Шерамур захлопал руками: «Voila[16] – говорит, – voila, это и нужно! Одна беда: как пустить деньги, кому доверить; кто не обманет?»
Шерамур закивал головою: ему вспомнились его швейцарские митрополиты, и он как перепел забил: «Вуй, вуй, мадам, вуй, вуй, вуй».
А потом, когда вслед за тем Tante встала, чтобы подать compote des pommes,[17] Шерамур, глядя ей стыдливо в спину, вымолвил:
– Да возьмите вы эти деньги, Танта!
– На какой предмет, monsieur?
– Да делайте что знаете, наживайте.
Но Танта нашла это невозможным.
– Я наживу и умру, а вас выгонят.
– Гм… Да… подлость… А сколько бы человек можно постоянно кормить?
– Можно человека два кормить раза по два в неделю, или, еще лучше, троих каждое воскресенье. И кроме того, раз в год можно сделать особый пир, на котором никого не будет, кроме бездомных voyou.
У Шерамура даже сердце забилось от такой мысли, и когда Tante Grillade, вооружась щипчиками, принялась за noisettes,[18] он застенчиво приступил к ней.

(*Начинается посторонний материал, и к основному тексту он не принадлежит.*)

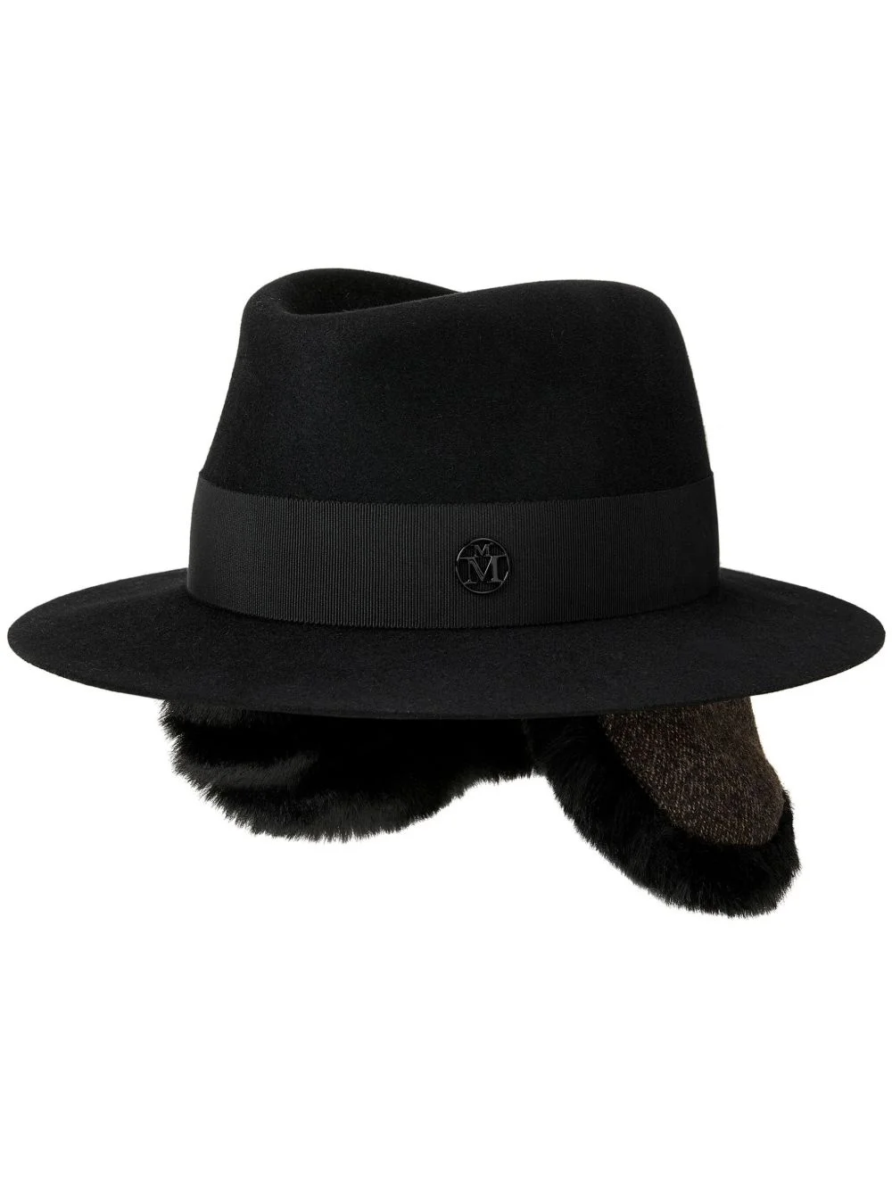 Andre strap-detail fedora hat Highlights - Jet black - Wool - Felted finish - Push-down crown - Wide brim - Logo plaque - Strap detailing - Detachable ear flaps - Full lining Made in France Composition Wool Felt 100%

– Ну так как же, Tante, – как это сделать? – а Tante, надавливая крепкий орех, посмотрела на него и дружески ответила:
– Надо жениться.
– Ну вот! Зачем?
– Затем, что у вас тогда все будет общее, и если жена наживет – это принадлежит и мужу. Тогда, например, будь это я: я отдаю вам весь мой ресторан, и мы никого сюда больше не пустим.
– Да, да, вот… это самое: никого, никого не пустим! – вскричал Шерамур, и в сладостном исступлении ума и чувств он схватил Tante за обе руки и мял их и водил из стороны в сторону, пока та, глядя на него, расхохоталась и напомнила ему, что пора убираться.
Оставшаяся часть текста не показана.